QA Slam Monitor Service  - This builds the MonitorService.Sln in the $\Slam\QA branch.

 Having the project name in the build type helps because if you are a subscriber of lots of different builds for different projects, you cannot tell by looking at the email (other than this naming convention) which project the build is from.


MS BI Conference 14: Evening Reception

Fri, 11 May 2007 04:26:00 GMT

The evening reception was at the Experience Music Project/SciFi Museum Hall of Fame. Gary and I walked through the SciFi Museum. It was really great, lots of memorabilia from all the TV series, movies, as well as books, comics, magazines, scripts, photos, videos. Really cool. The only underrepresentaed Sci Fi series was Dr. Who - I saw one thing from that, the "Fun Gun". No Daleks. Gary has read a lot of sci-fi I found out.

 I thot it was going to be a banquet and awards ceremony - they had awards, but it was more like a standup reception.
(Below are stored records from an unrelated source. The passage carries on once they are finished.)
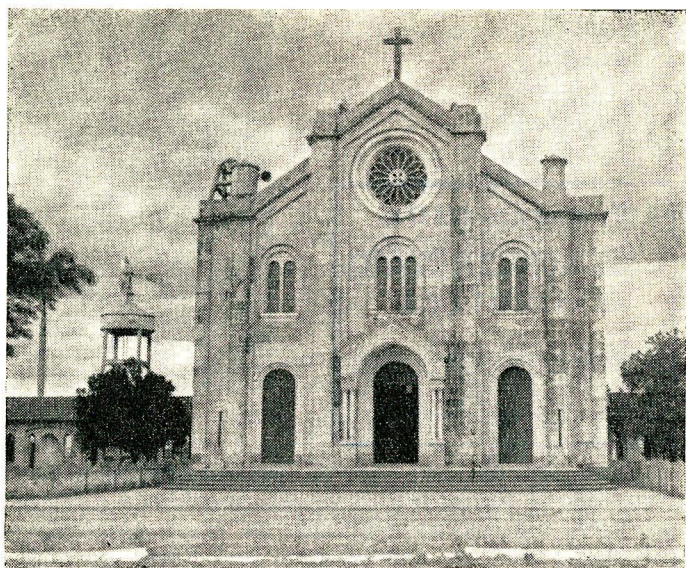
Igreja Matriz de Santo Afonso

tório Federal de Ponta Porã, reincorporando-se ao Estado de Mato Grosso em 18 de setembro de 1946, quando foi extinto o Território. Em 1948, conta com 3 distritos: da sede, Caracol e Jardim, e em 1958 foi-lhe acrescido o de Campestre.
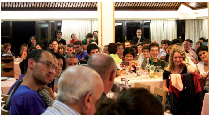
Jendeak asko gozatzen du afari ondorenarekin.
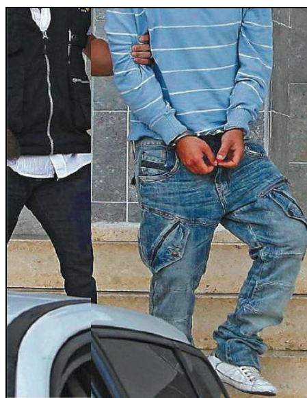
Fig. 10: El País
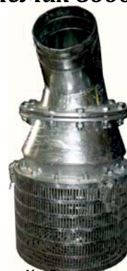
Водозаборный фильтр с обратным клапаном и выходом - тип ниппель
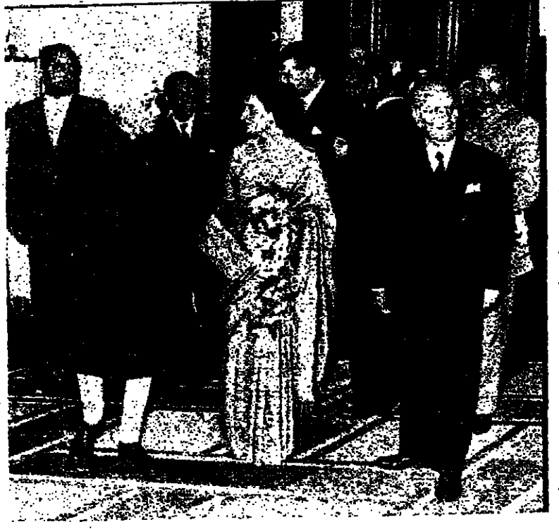
انديرا غاندي وجواهر لال نهرو اثناء زيارتهما بيروت قسي مطلع الستينات .

ولكن نهر لم يبه ذلك الانتقاد ، وكذلك برك غاندي الخطبة ، ويجب الانتباه هنا الى ان فيروز غاندي لا بيت كملها باي نسب . وهكذا عقد تران الثنائي في ربيع سنة ١٩٤٢ وكانت انديرا قد قارت سن الخامسة والعشرين .
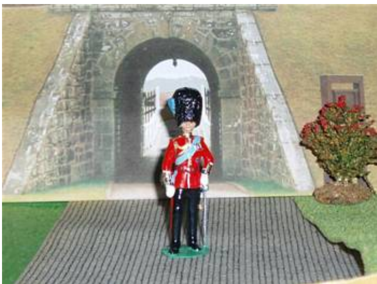
Medlem af det engelske kongehus i
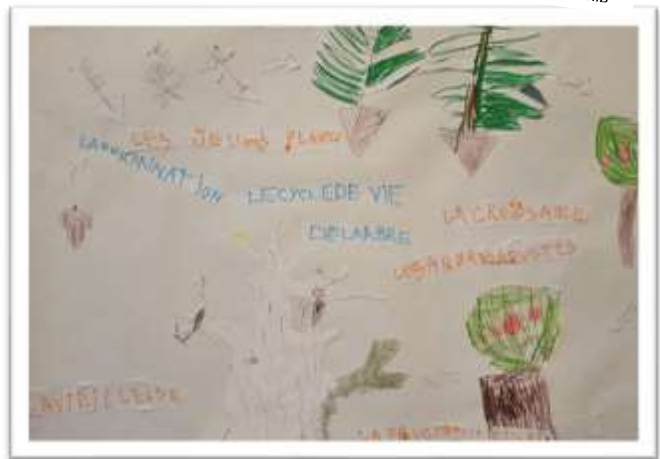
Affiche sur le cycle de vie de l'arbre.

No tables except in a tent outside. It was pretty stuffy inside, so I hung out with Gary in the fresh air (well, he was smoking, and so was a lot of others around me, but for the most part it was fresh air).

It would have been a great night to have my wife along - she would have loved the sci-fi museum (and the Experience Music Project, very little of which I saw), and she would have been a classy-looking woman to have with me too. We'll come see this place another time.

Tomorrow morning keynote is Steve Ballmer. Somehow the chant "Business Intelligence, Business Intelligence, Business Intelligence" or "Information worker, information worker, information worker" doesn't really roll off the tongue. What will be his hook tomorrow?